You’re watching a popular singer onstage in front of a crowded room. They get out of the second chorus and look to their side to watch the guitarist lay down a sweet solo. So who is the singer? Well, that varies, but there is a really good chance that the guitarist is Jason Loughlin. He is often seen onstage with a variety of bands these days. But isn’t that hard to keep track of all those notes floating around in one’s head? “It’s just a game of time management,” says Jason. “When I take a gig I make sure I have the proper time to learn or review the material. Playing in a bunch of bands is super rewarding for someone like me who gets bored very fast.”

Certainly no time for boredom when your schedule looks like this. “Right now I lead two of my own bands, The String Gliders and Osceola. I’m a band member of North of Amarillo, a band that plays all the Emmylou Harris Hotband arrangements mixed with other 60’s and 70’s country. Recently, I’ve been a sideman for Sam Outlaw who’s been getting a lot of great press from Rolling Stone and NPR.”

How does a gig like the Sam Outlaw one come about? “Sam was a fan of my record Peach Crate and would come to see me when I would be playing in LA. Next thing I know he made this great country record with the legendary Ry Cooder. I got a text one day from his bass player Daniel Rhine, who I knew from a tour I did with Rachael Yamagata and Sara Bareilles. It said ‘Can you sub for Ry Cooder in June?’ Um….YES. So, I’ve doing it since. It is fun just being a sideman and opening for great artists. I would never be able to do that with my instrumental music.”


Of course just like in the real world, once you get a good job, you need to figure out how to keep it. Jason says, “Take every gig when you’re starting out and take them all seriously, they all have something to teach you whether it’s on the guitar itself, on stage or off. Learn parts that give you new insight on how to arrange; learn new styles; solo in a way that serves each song appropriately; learn how to prep for a rehearsal and even how to be comfortable when the artist wants to change everything you worked on at rehearsal or sometimes even on stage. Even little things like how to use a crappy house amp with a smile, help carrying gear, driving the van or buying a round all contribute towards making yourself irreplaceable.”

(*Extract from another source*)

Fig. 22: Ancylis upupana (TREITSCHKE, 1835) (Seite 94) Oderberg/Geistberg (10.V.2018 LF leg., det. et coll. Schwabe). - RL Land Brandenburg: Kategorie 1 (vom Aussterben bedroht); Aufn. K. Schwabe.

When Jason plays you can tell there is more going on than just a casual guitarist banging out some chords. His understanding of “parts” and “layering” is evident on his solo record, and certainly understandable from his sideman work. But there has to be more to this depth of musical understanding than just that right? There is. “Some people might be surprised to know that the trumpet was first priority to me up to about age 23. I went to school for classical trumpet and theory/composition. I studied for four years with trumpet virtuoso Lee Soper. I made my living in and around New York as a classical trumpet player for a few years. I was always studying guitar and playing in bands on the side though. I got a job at Starbucks, worked the minimum amount of hours to pay rent and eat and started studying jazz guitar with Vic Juris. I practiced ten hours a day for a year or two. Frank Vignola was also a big help to the way I view the guitar neck.”

What would steer someone from the trumpet to country and swing on guitar? Jason says, “I grew up listening to a lot of swing. My grandfather was a huge Les Paul, Errol Gardner and Django Reinhardt fan. This meant every Monday night my grandparents would take me to see Les Paul at Fat Tuesdays. Then, when I was 24, I read an article in Vintage Guitar Magazine about Danny Gatton and I was like ‘Man, I gotta check this guy out. He combines all the things I love about guitar.’ I got his record 88 Elmira St. and traded in my archtop for a tele that week!”

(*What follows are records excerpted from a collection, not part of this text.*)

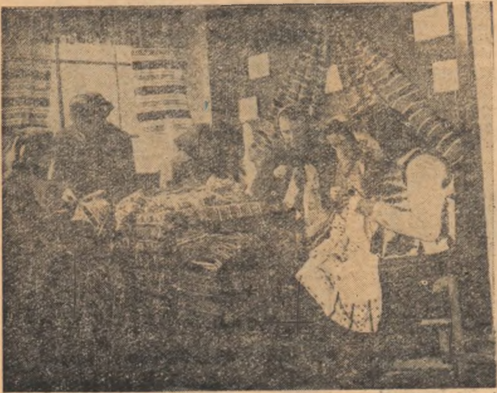
La cooperativa „Arta casnică” din Tismana-Oltenia, se execută țesături cu motive românești, costume naționale și covoare
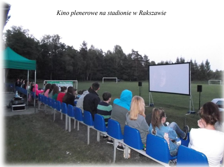
Kino plenerowe na stadionie w Rakszawie

Na terenie Gminy Rakszawa działa Biblioteka Publiczna przy Gminnym Ośrodku Kultury i Czytelnictwa w Rakszawie oraz jej filia w Węgliskach. W latach 2011 – 2014 mieszkańcy gminy wypożyczyli ponad 40 tys. książek
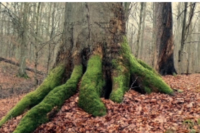
De grootste beuk in het reservaat heeft een diameter van 159 cm en is meer dan 45 meter hoog.
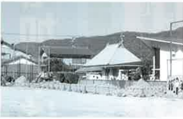
工事中の三庄小学校グラウンドフェンス

三庄小学校のグラウンドを囲んでいるフェンスの一部が老朽化してきたため改修工事を行います。東側(高さ4m 長さ24m)北側(高さ6m 長さ36m)事業費は418万円です。
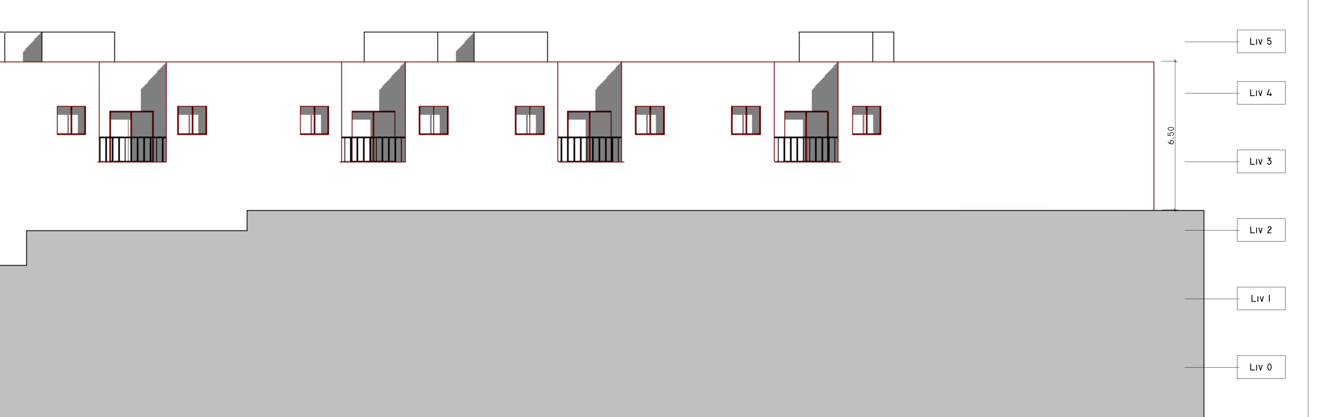
SUD EST 1 : 100

Jason is really popular with students at TrueFire because of his understanding of how to get a student from point A to point B. “The toughest thing for a lot of students is to make that connection between just knowing some licks and knowing how to go play a gig and not get a cymbal thrown at them!”

Jason is hard at work about to release the String Gliders album, an all-star band with twin teles and steel guitar. He has several other projects in the works, but it is hard to finish them all when you have such a touring schedule. He still finds time to share his knowledge and art whenever he can.


Jason has some great advice. “If you really want to be a musician, burn your safety net. Yup, remember how your parents were like ‘Get a business degree and you can always play on the side’…they don’t know what they’re talking about. Set the safety net on fire. Set goals, make lists and run yourself like a business. Manage your time and goals. Get a good teacher, make a practice schedule, start playing out no matter how bad you are or how many times you get fired from a gig. Take every gig until you get a feel about what it is you want to do.”

Great advice! It certainly has worked for this classical trumpet playing barista! But now instead of serving lattes he’s serving up tasty licks, and just the right part for the song.